Some might call me a bit of an oversharer, but its one of those things that is very normal in the blogging world. Probably not everyone wants to know how you’re feeling, what you’re wearing, what you’re eating, or various other things bloggers write about, but it’s what we do: we journal about all those things and more for the world to read and experience with us, if they like.

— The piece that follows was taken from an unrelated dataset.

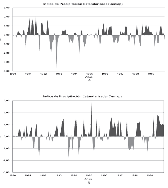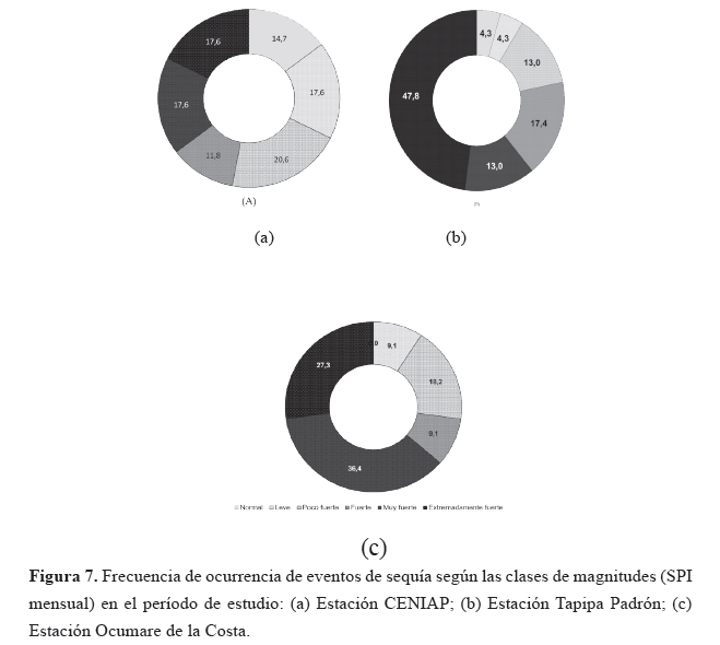 En la estación CENIAP, la mayor magnitud fue de 9,20, ubicándose en dos meses lluviosos del año 1982. También para el año 2001, hubo una disminución en el total anual de lluvia registrada en la zona asociada al evento de sequía durante dos meses del pre húmedo y dos meses del periodo lluvioso. Este mismo comportamiento se presentó en la estación Tapipa-Padrón para ese mismo año asociado a la sequía de magnitud 9,70 y de tres meses consecutivos de duración.
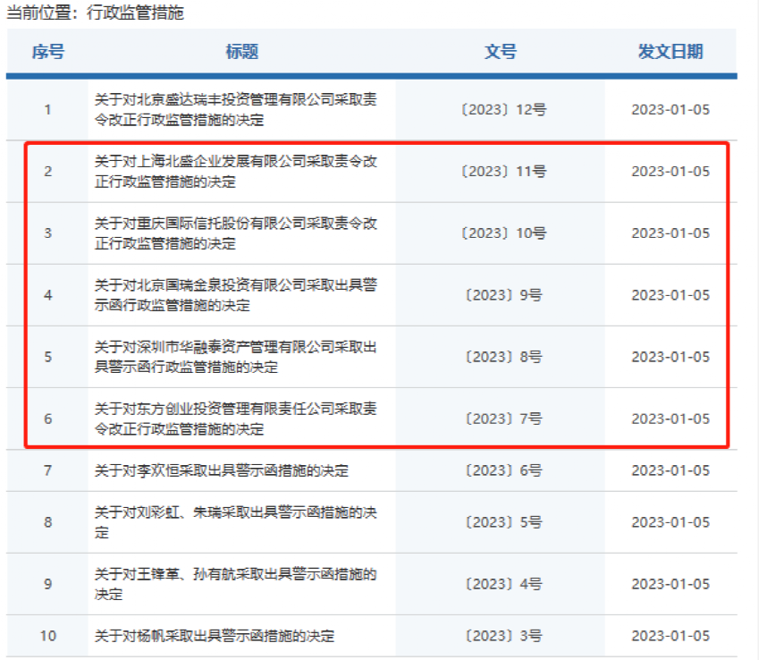 除了重庆国际信托外,北京证监局也同步点名违规让渡股东权利/未说明一致行动人关系的5名小股东,并对其作出警示函、责令改正等行政监管措施。

Writing this blog has always been extremely therapeutic for me. I write what I do so I can connect with others that are going through the same things as me; it creates a sense of community and let’s me know that I’m not alone. I crave that human-to-human connection, especially when I spend so much time alone living this rural life that I love so much.
Talk About Your Struggles
If I wouldn’t have confided in a good friend about struggling with Braden’s sleep when he was 4 months old and feeling hopeless, she never told me there was a solution to my sleep deprivation. I never would have learned about sleep training and shared how it was so successful and truly saved my sanity at that time. This is why I have shared extensively about our success with it, so that others will know that they don’t have to suffer if sleep is as important to their mental health as it is to mine.
If I wouldn’t have opened up about how much I love this life on the farm, but that I really started to feel the stresses of the struggles I was having as a farm wife, I wouldn’t have connected with so many farm and ranch wives (and wives-to-be and girlfriends of farmers) that were feeling the exact same things as me.
I have shared about my father’s alcoholism and how it ruined his life and our relationship when he was living it. I shared the tragic story of his death. I shared how years and years later I couldn’t understand why it was getting harder and how I came to realize that I finally needed to address my ongoing issues by starting therapy. Then I shared how confiding in a friend opened me up to the idea that taking an anti-depressant might be the right choice for me after all.
I have really felt so much comfort in knowing that I’m not alone in my struggles and I can tell that by me sharing so openly, others want to not feel alone too.
There is Still a Stigma About Mental Health
I will be the first to tell you that I never thought that I would be taking an anti-depressant every day. I didn’t think I was “that bad” or that it would work for me. I know it sounds hypocritical, because as a nurse and someone who is very open to seeking help for mental health, I am not against medications at all—I just never thought it would be for me. I never thought I actually had legitimate, “diagnosable” anxiety until I went to therapy for the first time and realized that it could manifest it different ways. For me, it was rage. It was anger that I couldn’t control at times. I knew it was wrong and I didn’t want to feel this way, but I didn’t think taking a pill every day would help or that it would work for me. But boy, has it ever helped me.
I have received countless emails, private messages and comments on any post I have shared where I open up about my mental health journey with anxiety. I do not ever, for one second, feel that I am walking this part of my life alone. You are experiencing it too. You are reading my posts and the captions with the pictures I share and you know you aren’t alone. You have finally felt confident enough to address your own issues, problems and struggles. You finally picked up the phone and made an appointment to start therapy, or to get into see your family doctor to talk about your symptoms and your options. You realize that you are normal, but others are struggling like you are, and that there is hope and you can get better. There are lots of tools in the toolbox, you just have to know which ones will work best for you.
Please just know that you are not alone. There is nothing more “wrong” with you than there is anything “wrong” with anyone suffering from a physical disease. Don’t let your mental health issues build up inside you like a pressure cooker, it doesn’t have to be this way.